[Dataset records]
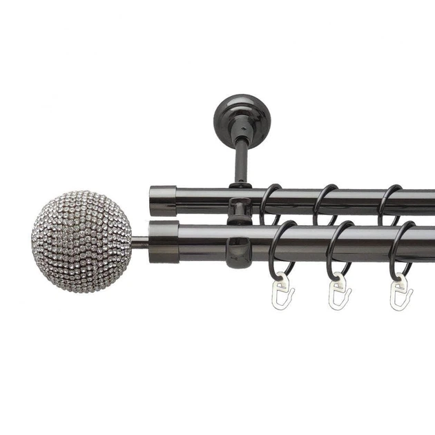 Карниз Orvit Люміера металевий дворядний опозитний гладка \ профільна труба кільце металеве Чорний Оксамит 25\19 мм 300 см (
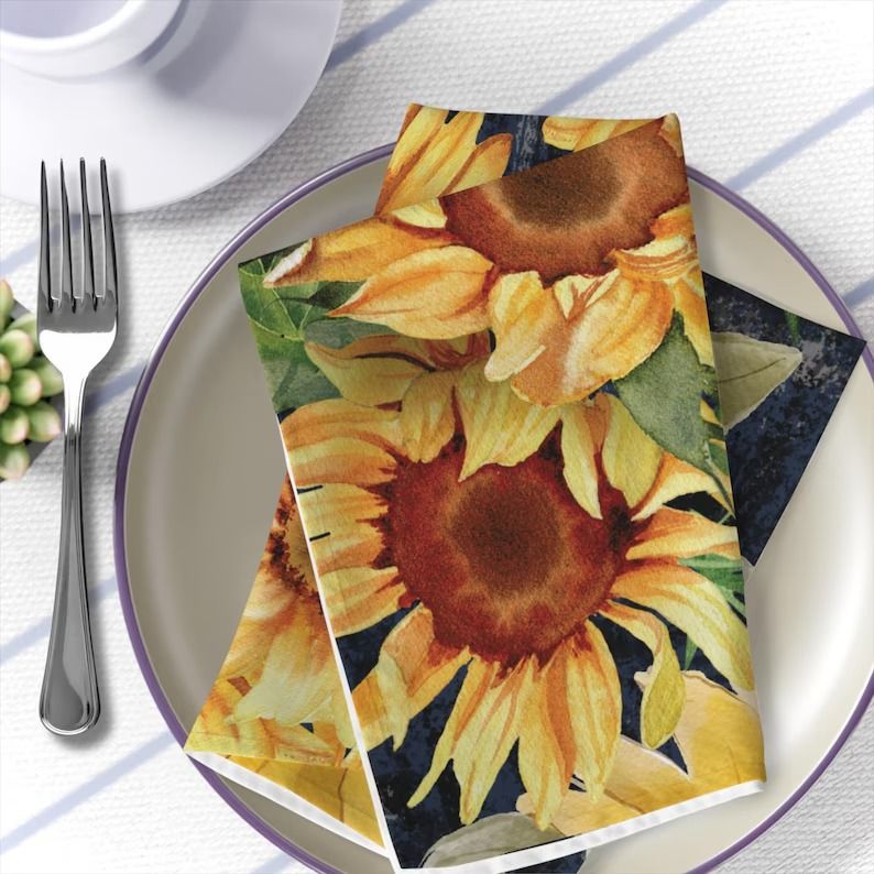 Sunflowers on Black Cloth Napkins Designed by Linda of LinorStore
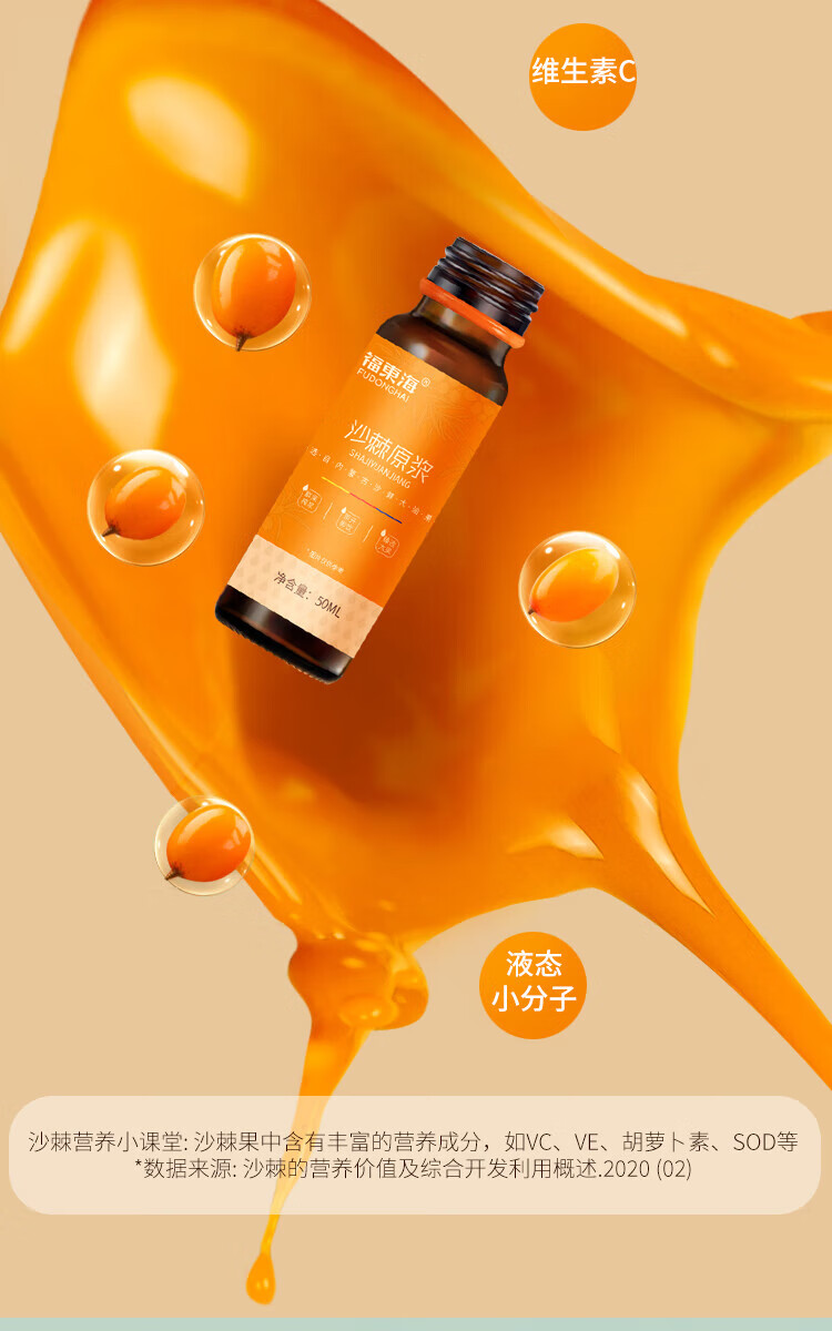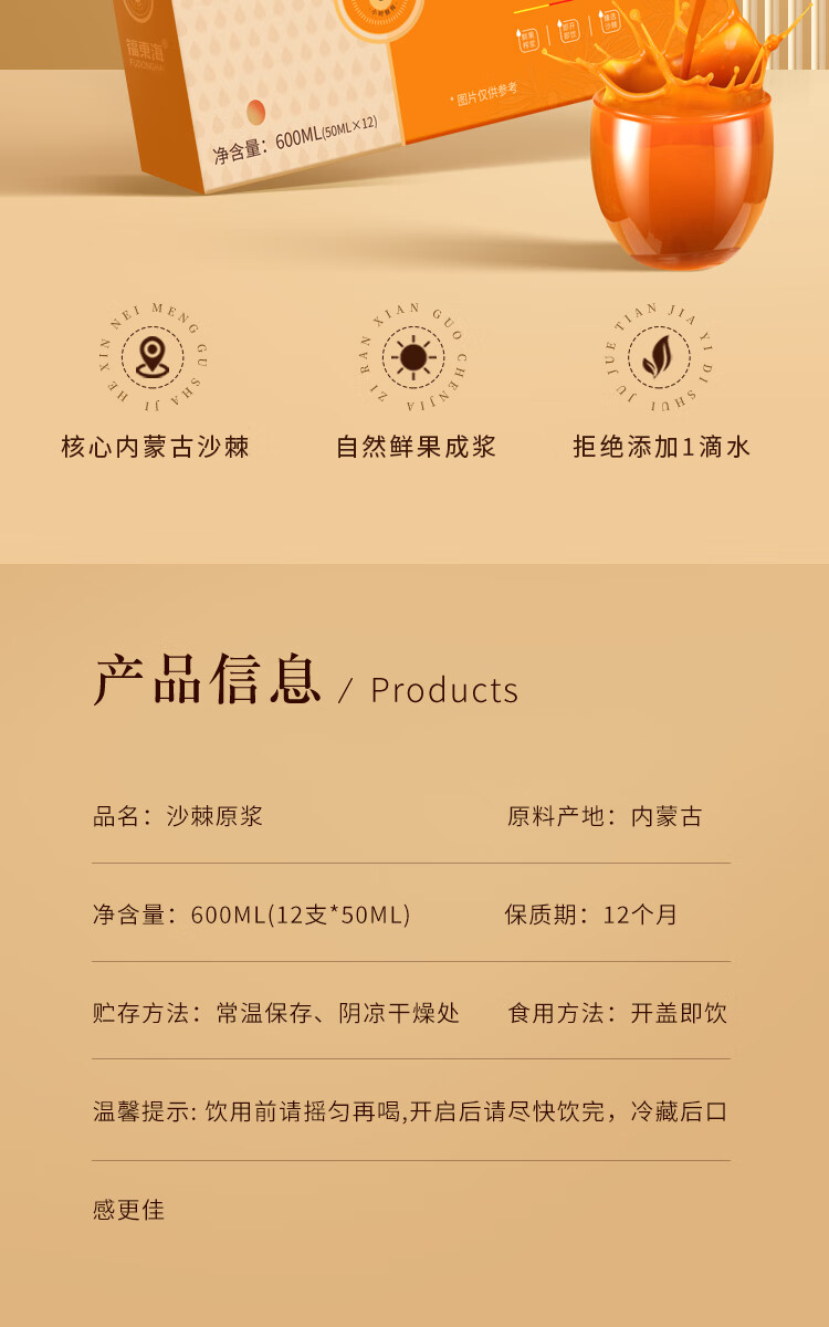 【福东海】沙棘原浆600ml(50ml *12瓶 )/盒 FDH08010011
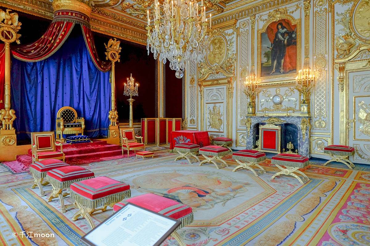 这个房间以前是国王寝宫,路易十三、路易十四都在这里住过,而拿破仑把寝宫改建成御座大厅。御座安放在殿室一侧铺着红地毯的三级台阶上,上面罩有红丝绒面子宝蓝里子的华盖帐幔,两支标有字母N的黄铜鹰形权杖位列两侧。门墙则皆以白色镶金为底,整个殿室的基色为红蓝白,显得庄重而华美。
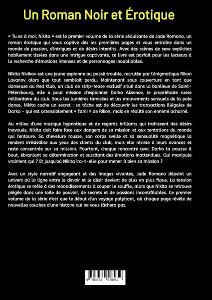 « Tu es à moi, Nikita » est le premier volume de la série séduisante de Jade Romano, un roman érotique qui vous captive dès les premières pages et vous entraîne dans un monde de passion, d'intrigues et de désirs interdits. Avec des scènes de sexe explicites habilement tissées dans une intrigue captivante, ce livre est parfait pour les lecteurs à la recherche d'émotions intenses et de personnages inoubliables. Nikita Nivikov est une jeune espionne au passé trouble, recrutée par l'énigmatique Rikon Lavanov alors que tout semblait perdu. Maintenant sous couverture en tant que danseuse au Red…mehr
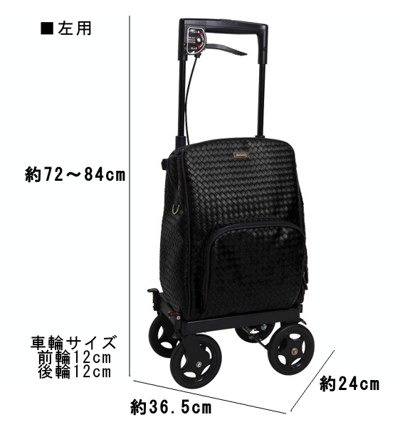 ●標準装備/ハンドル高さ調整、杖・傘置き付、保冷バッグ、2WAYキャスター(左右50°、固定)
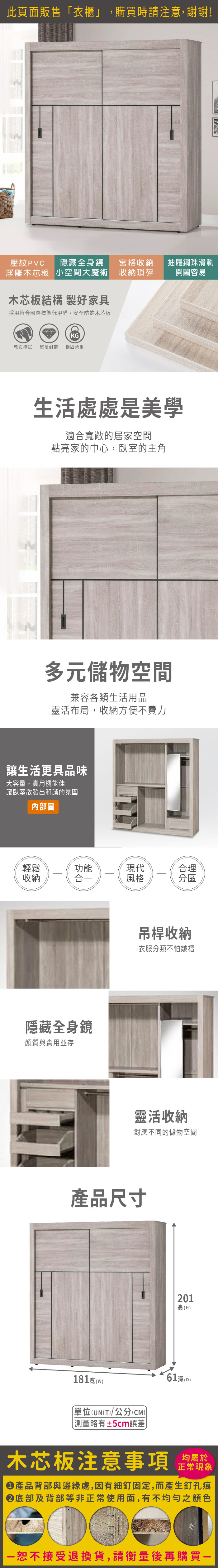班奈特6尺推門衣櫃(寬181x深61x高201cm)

==

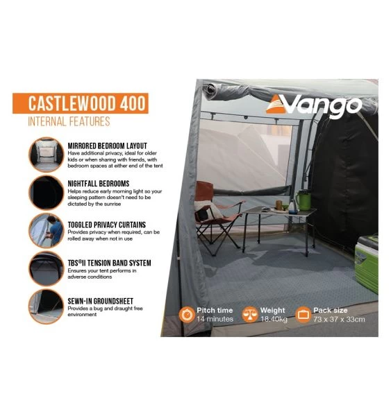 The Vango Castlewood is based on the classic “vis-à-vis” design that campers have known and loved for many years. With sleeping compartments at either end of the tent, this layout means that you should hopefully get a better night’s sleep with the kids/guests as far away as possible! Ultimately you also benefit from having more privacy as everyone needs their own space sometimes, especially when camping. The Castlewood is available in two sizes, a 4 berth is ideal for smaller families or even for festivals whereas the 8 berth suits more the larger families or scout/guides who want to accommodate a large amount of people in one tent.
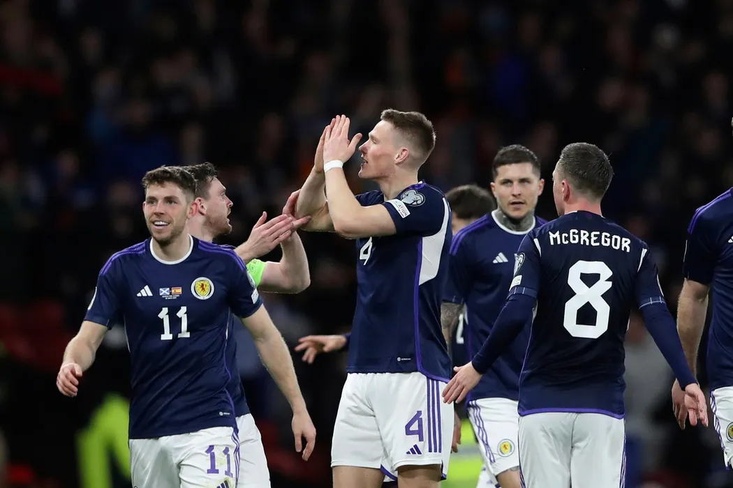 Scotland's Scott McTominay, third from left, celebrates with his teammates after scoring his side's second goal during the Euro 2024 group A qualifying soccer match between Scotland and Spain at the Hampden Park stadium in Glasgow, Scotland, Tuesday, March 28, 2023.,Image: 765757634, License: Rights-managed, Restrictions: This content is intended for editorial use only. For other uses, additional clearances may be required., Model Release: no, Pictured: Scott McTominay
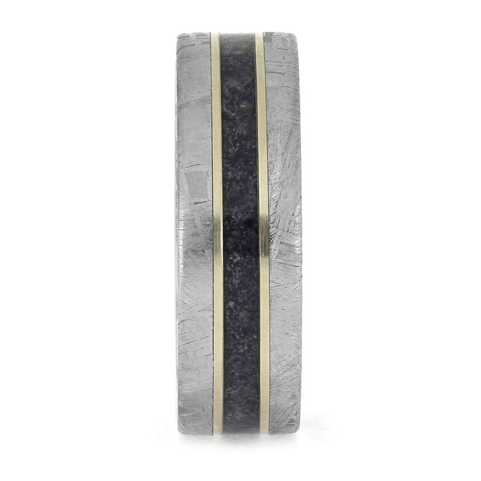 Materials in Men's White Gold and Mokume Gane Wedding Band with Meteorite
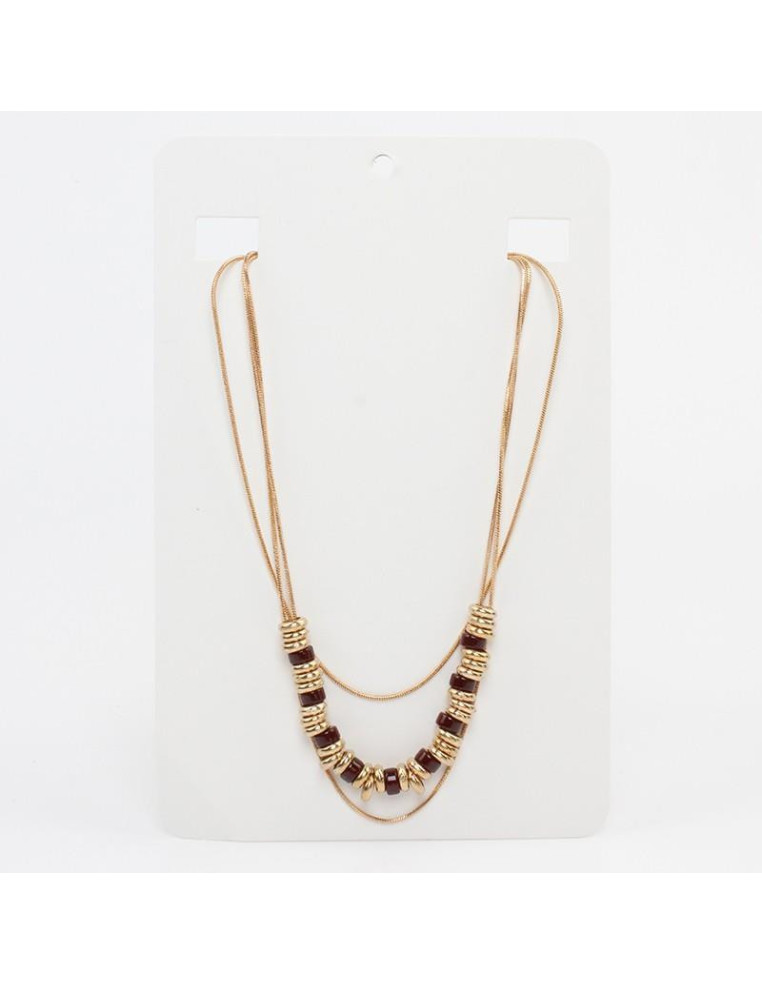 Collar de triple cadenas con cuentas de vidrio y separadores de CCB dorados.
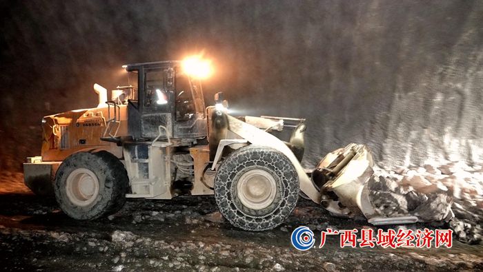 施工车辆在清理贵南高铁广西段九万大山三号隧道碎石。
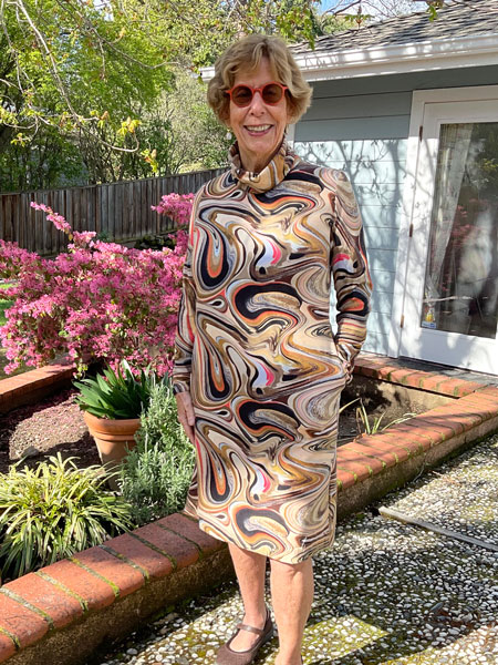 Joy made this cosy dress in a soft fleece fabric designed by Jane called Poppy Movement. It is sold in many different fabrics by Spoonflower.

• _Exercise directions_
In the records above, find the line with "Карниз Orvit Люміера" and the line with "班奈特6尺推門衣櫃(寬181x深61x高201cm)"; please transcribe exactly those two lines and all lines between them, omitting any picture.

• _Response area_
 Карниз Orvit Люміера металевий дворядний опозитний гладка \ профільна труба кільце металеве Чорний Оксамит 25\19 мм 300 см (
 Sunflowers on Black Cloth Napkins Designed by Linda of LinorStore
 【福东海】沙棘原浆600ml(50ml *12瓶 )/盒 FDH08010011
 这个房间以前是国王寝宫,路易十三、路易十四都在这里住过,而拿破仑把寝宫改建成御座大厅。御座安放在殿室一侧铺着红地毯的三级台阶上,上面罩有红丝绒面子宝蓝里子的华盖帐幔,两支标有字母N的黄铜鹰形权杖位列两侧。门墙则皆以白色镶金为底,整个殿室的基色为红蓝白,显得庄重而华美。
 « Tu es à moi, Nikita » est le premier volume de la série séduisante de Jade Romano, un roman érotique qui vous captive dès les premières pages et vous entraîne dans un monde de passion, d'intrigues et de désirs interdits. Avec des scènes de sexe explicites habilement tissées dans une intrigue captivante, ce livre est parfait pour les lecteurs à la recherche d'émotions intenses et de personnages inoubliables. Nikita Nivikov est une jeune espionne au passé trouble, recrutée par l'énigmatique Rikon Lavanov alors que tout semblait perdu. Maintenant sous couverture en tant que danseuse au Red…mehr
 ●標準装備/ハンドル高さ調整、杖・傘置き付、保冷バッグ、2WAYキャスター(左右50°、固定)
班奈特6尺推門衣櫃(寬181x深61x高201cm)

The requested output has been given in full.